## Problem to solve
Everything from the line with "Holiday Snowflake Mosaic" down to the line with "Під час заходу" below must be printed exactly, those two lines included. Exclude pictures.

## Data section
—————

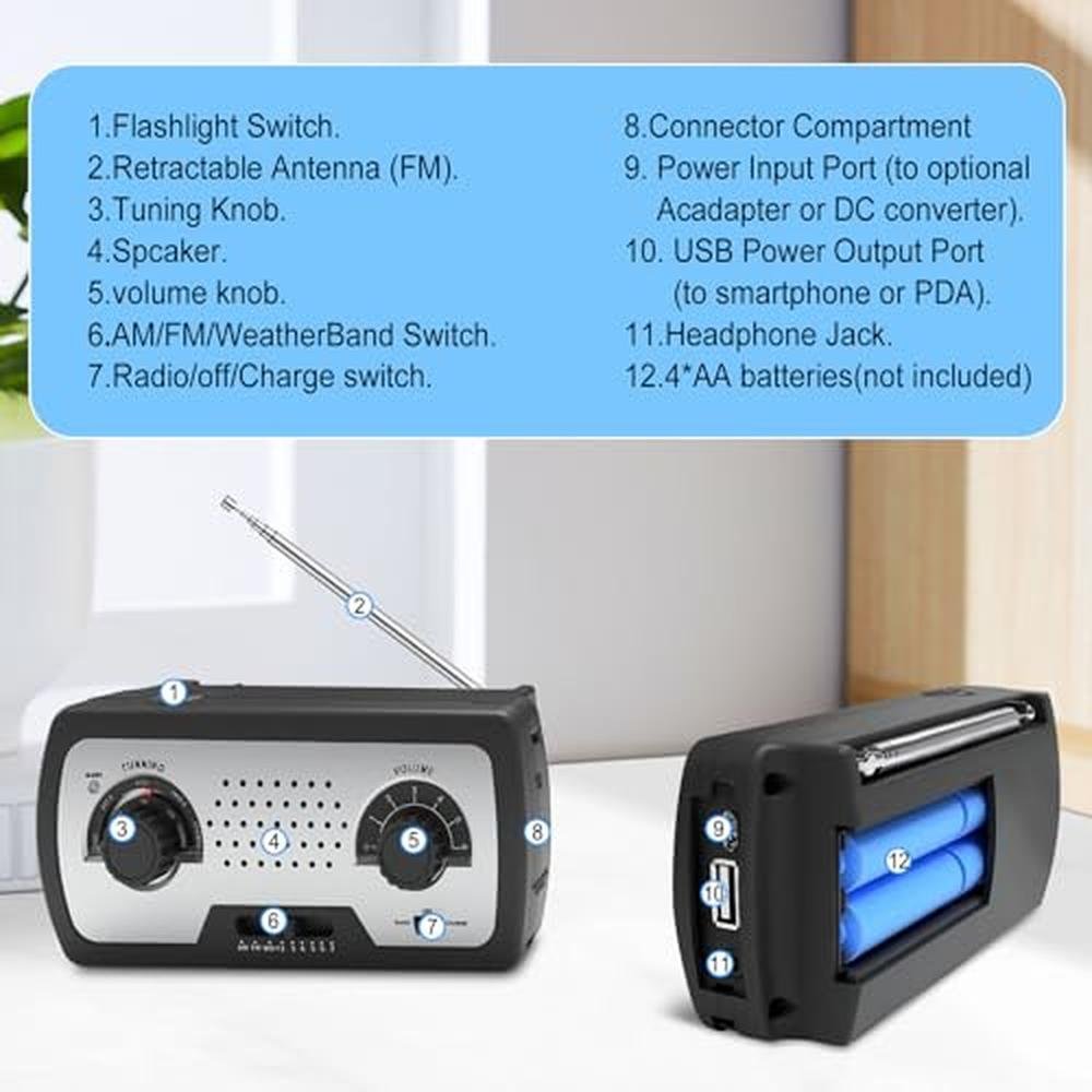 Our reliable Weather Radio equipped with AM/FM/WB functionality, it ensures you're always connected to the latest updates from NOAA. Be prepared for any emergency with automatic alerts for severe weather warnings, keeping you and your family ones safe. Its compact design make it perfect for outdoor adventures, camping trips, or simply keeping in your emergency kit at home. Plus, the built-in flashlight provides illumination during power outages or low-light situations. Stay informed and stay safe with our Weather Radio. The Urageuxy Weather compact portable emergency radio is ideal for your emergency kit, bug out bag, coat pocket, or glove compartment. Urageuxy WR-1000 compact AM/FM/WeatherBand Radio will fit easily into your shirt or jacket pocket for convenience and easy portability. The WR-1000 includes a standard USB port for charging smart phones and other portable devices in an emergency. Because the WR-1000 uses standard 4*AA batteries, you are never without emergency power. The AM/FM/WeatherBand tuner lets you choose from the wide range of radio talk shows, music programming and weather broadcasts from NOAA. The built-in Speaker enables convenient listening anywhere, and the earphone jack permits private listening enjoyment and improved sound clarity in noisy environments. Additional features include an LED tuning indicator, a telescopic antenna, flashlight, and a carry strap.
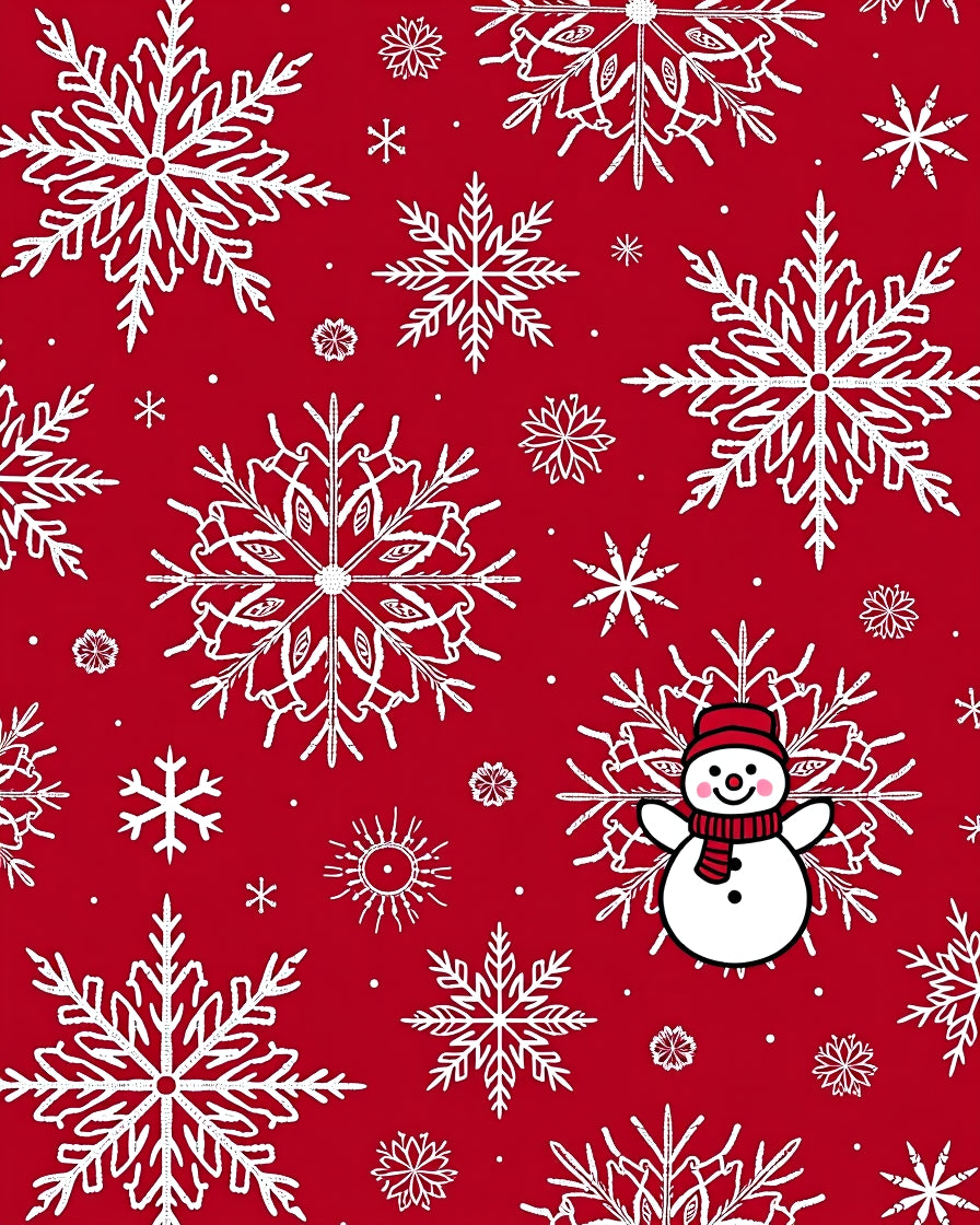 Holiday Snowflake Mosaic Featuring Jolly Snowman Illustration(Red)
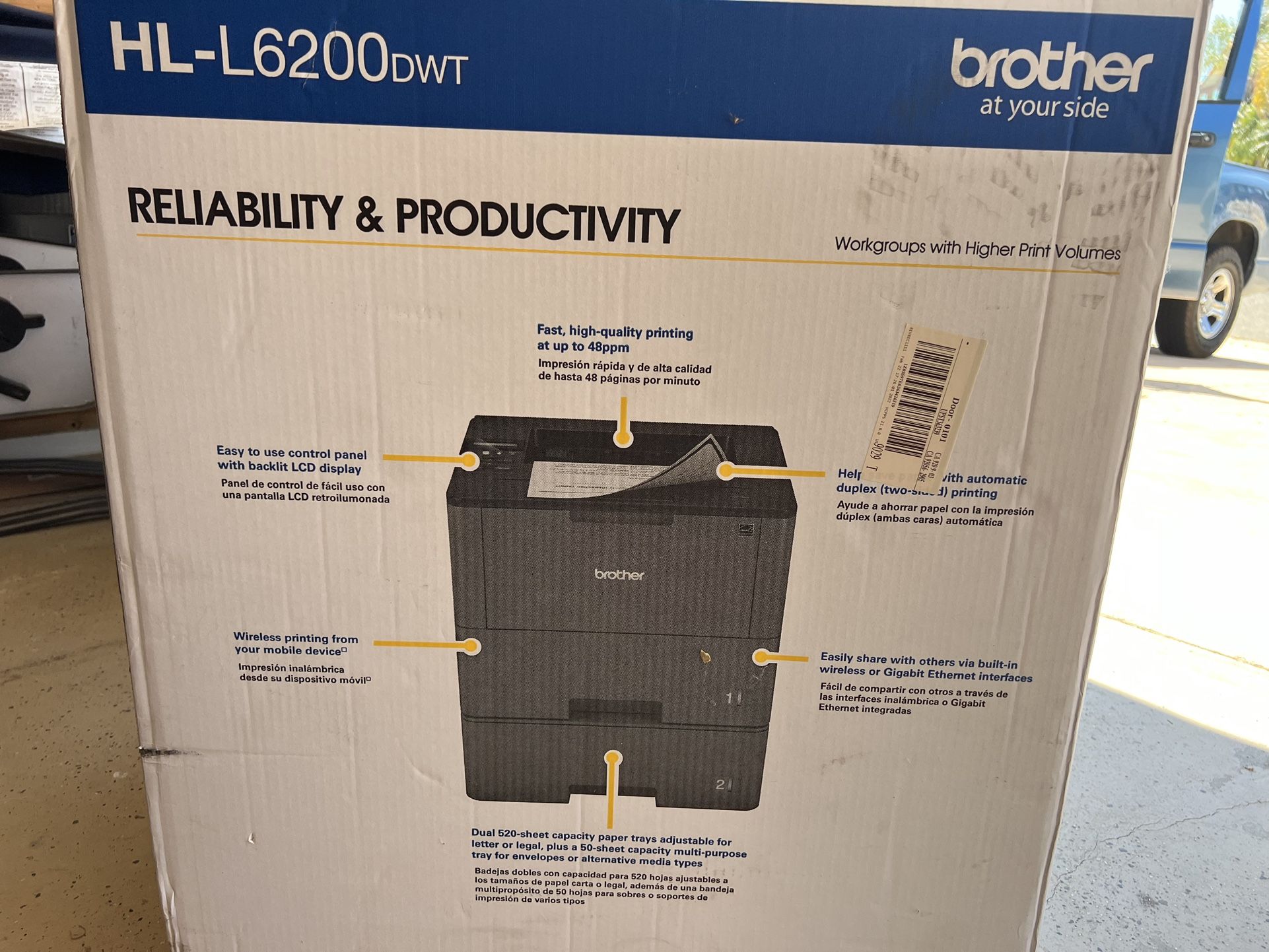 Brand new in box. Never opened. Brother Monochrome Laser Printer, HL-L6200DWT, Duplex Printing, Mobile Printing, Dual Paper Trays, Wireless Networking, Amazon Dash Replenishment Ready
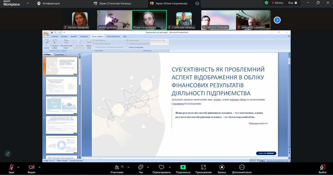Під час заходу було обговорено коло актуальних питань, пов’язаних із соціально-економічним розвитком світового господарства в умовах глобалізації, модернізацією фінансової системи України, удосконаленням обліково-аналітичних процесів, розвитком трудового потенціалу, застосуванням інноваційних та маркетингових технологій, а також управлінням економічним розвитком регіонів і держави як складової національної безпеки.
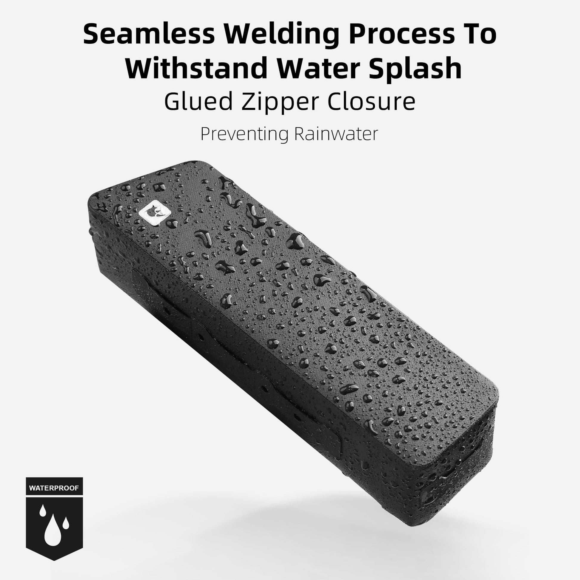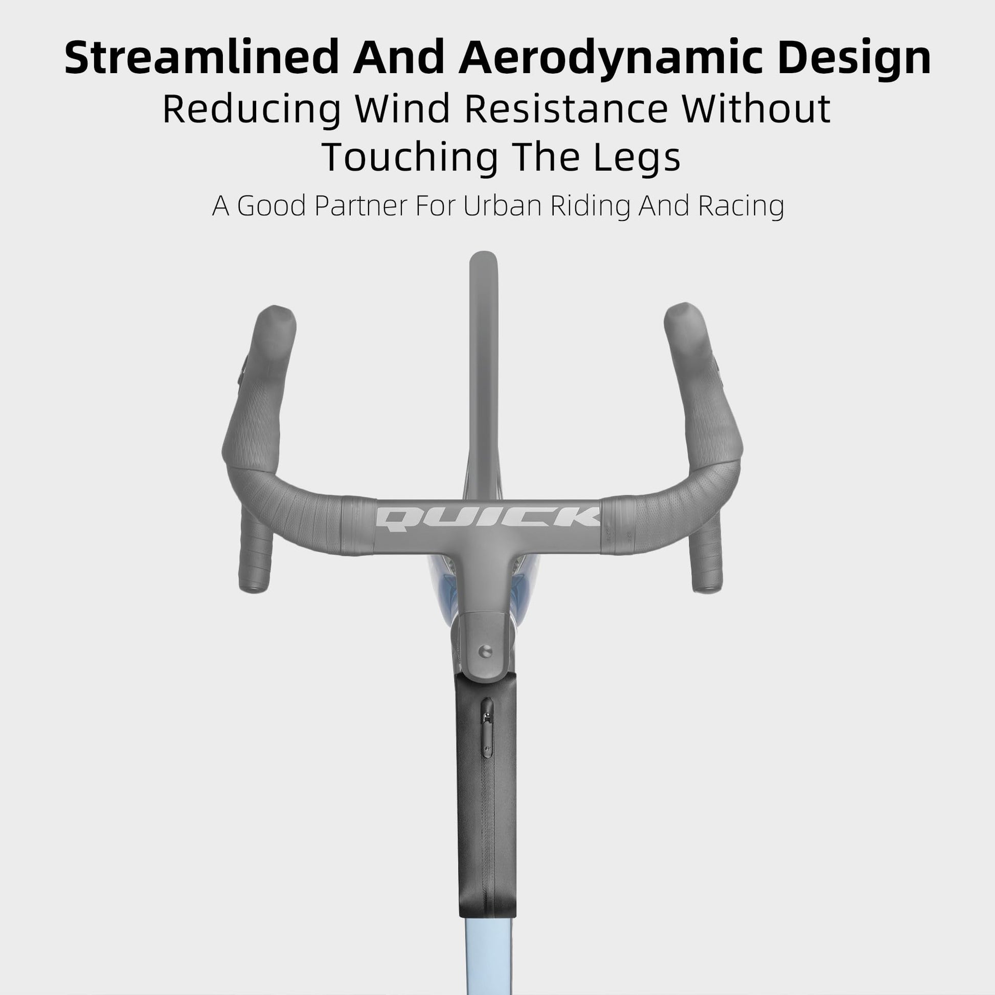 "Seamless welding and waterproof TPU material to prevent rainwater infiltration. A great partner for urban riding and racing. Size: 22*5.5*5.8 cm. Support board makes the bag firmer and more stable, protecting items from damage. Windbreaking design that doesn't touch the legs when the bike swings and reduces wind resistance. Two installation methods, screws and Velcro straps, depending on different bike frames. Hole diameter is 5 mm and suitable for M5 screws. Accessories: Bag*1, Velcro straps*3, screws*4, spacers*8."
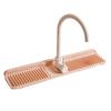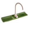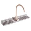 Multi-functional as a dish soap holder and drying mat, its raised 0.83-inch fins promote drainage and quick drying of kitchen essentials. The snap button lock securely fastens the mat behind the faucet to prevent slipping or detachment. An adjustable hole design allows customization for seamless installation, making it an ideal addition to maintain a clean and organized sink area.

—————

## Answer for this exercise
 Holiday Snowflake Mosaic Featuring Jolly Snowman Illustration(Red)
 Brand new in box. Never opened. Brother Monochrome Laser Printer, HL-L6200DWT, Duplex Printing, Mobile Printing, Dual Paper Trays, Wireless Networking, Amazon Dash Replenishment Ready
Під час заходу було обговорено коло актуальних питань, пов’язаних із соціально-економічним розвитком світового господарства в умовах глобалізації, модернізацією фінансової системи України, удосконаленням обліково-аналітичних процесів, розвитком трудового потенціалу, застосуванням інноваційних та маркетингових технологій, а також управлінням економічним розвитком регіонів і держави як складової національної безпеки.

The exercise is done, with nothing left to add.